This tutorial describes two ways how to give users chrooted SSH access. With this setup, you can give your users shell access without having to fear that they can see your whole system. Your users will be jailed in a specific directory which they will not be able to break out of. The users will also be able to use SFTP in their chroot jails.

This document comes without warranty of any kind! I want to say that this is not the only way of setting up such a system. There are many ways of achieving this goal but this is the way I take. I do not issue any guarantee that this will work for you!

1 Preliminary Note

This setup is based on a Debian Etch (Debian 4.0) system.

The first way to set up chrooted SSH is by hand and very similar to the method shown in this tutorial for Debian Sarge: The chrooted SSH will be installed in such a way that it will still use the configuration files of the standard OpenSSH Debian package which are in /etc/ssh/, and you will be able to use the standard OpenSSH Debian init script /etc/init.d/ssh. Therefore you do not have to create your own init script and configuration file.

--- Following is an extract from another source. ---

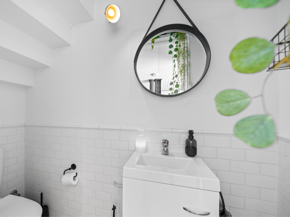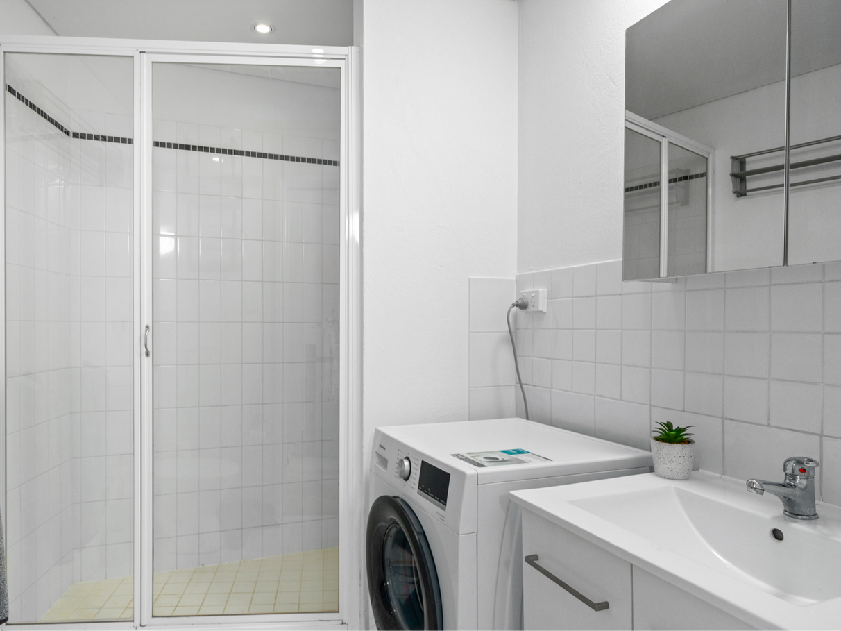 • Stylish combined bathroom/laundry with storage and washer/dryer space

The second way is to use the script from This setup is different from the first one in that we don’t need to recompile OpenSSH. Instead of /bin/sh or /bin/bash, the chrooted users use /bin/chroot-shell which uses the sudo and chroot commands to chroot the users. This method is also different in that the users don’t have a dot in their homedirs in /etc/passwd (therefore it cannot be used by control panels such as ISPConfig, which is no problem with the first method). Please take a look at to see what this script can do for you and what not.

You should decide for one way – please don’t use both ways at the same time!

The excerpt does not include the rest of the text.